(DATA RECORDS)
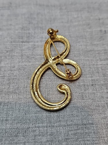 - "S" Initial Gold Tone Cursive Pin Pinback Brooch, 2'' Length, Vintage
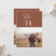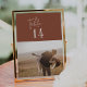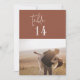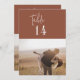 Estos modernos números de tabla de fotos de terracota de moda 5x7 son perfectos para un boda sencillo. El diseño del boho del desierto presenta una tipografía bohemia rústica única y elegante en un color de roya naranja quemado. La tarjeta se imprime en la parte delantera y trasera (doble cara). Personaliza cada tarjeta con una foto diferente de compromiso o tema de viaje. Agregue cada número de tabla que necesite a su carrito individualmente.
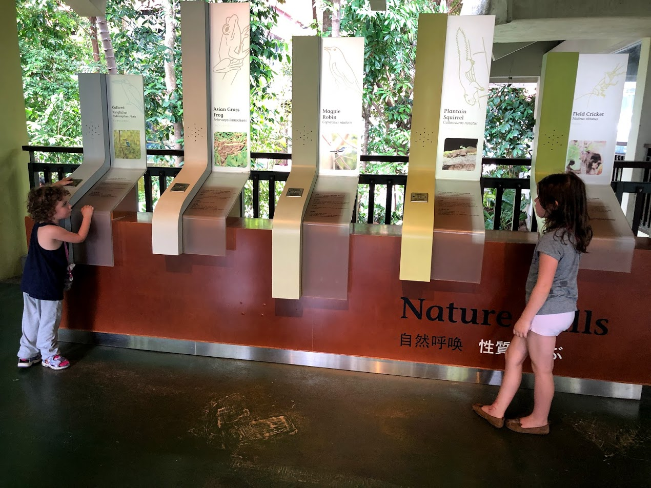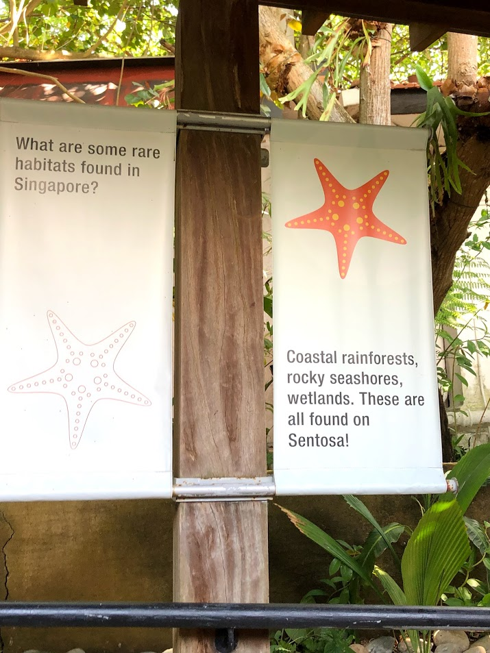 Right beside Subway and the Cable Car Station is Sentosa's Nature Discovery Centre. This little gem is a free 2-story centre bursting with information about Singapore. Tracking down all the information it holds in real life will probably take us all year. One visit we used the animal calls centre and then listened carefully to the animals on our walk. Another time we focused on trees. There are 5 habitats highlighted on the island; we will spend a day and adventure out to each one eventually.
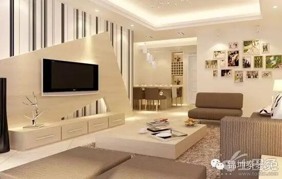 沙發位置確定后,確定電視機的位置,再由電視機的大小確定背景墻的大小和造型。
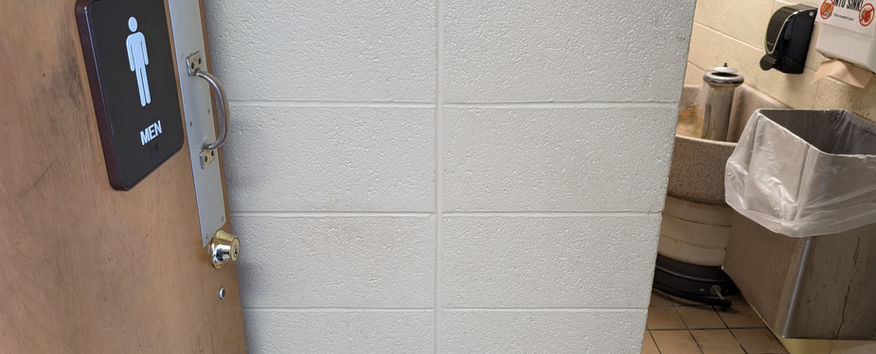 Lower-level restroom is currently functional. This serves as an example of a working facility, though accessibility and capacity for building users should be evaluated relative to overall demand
(End DATA RECORDS)
**WHAT THIS TASK INVOLVES**: What you return should be only the exact lines from the top of the entries through the line with "沙發位置確定后,確定電視機的位置,再由電視機的大小確定背景墻的大小和造型。", minus the pictures.

**OUTPUT OF THE EXERCISE**:
 - "S" Initial Gold Tone Cursive Pin Pinback Brooch, 2'' Length, Vintage
 Estos modernos números de tabla de fotos de terracota de moda 5x7 son perfectos para un boda sencillo. El diseño del boho del desierto presenta una tipografía bohemia rústica única y elegante en un color de roya naranja quemado. La tarjeta se imprime en la parte delantera y trasera (doble cara). Personaliza cada tarjeta con una foto diferente de compromiso o tema de viaje. Agregue cada número de tabla que necesite a su carrito individualmente.
 Right beside Subway and the Cable Car Station is Sentosa's Nature Discovery Centre. This little gem is a free 2-story centre bursting with information about Singapore. Tracking down all the information it holds in real life will probably take us all year. One visit we used the animal calls centre and then listened carefully to the animals on our walk. Another time we focused on trees. There are 5 habitats highlighted on the island; we will spend a day and adventure out to each one eventually.
 沙發位置確定后,確定電視機的位置,再由電視機的大小確定背景墻的大小和造型。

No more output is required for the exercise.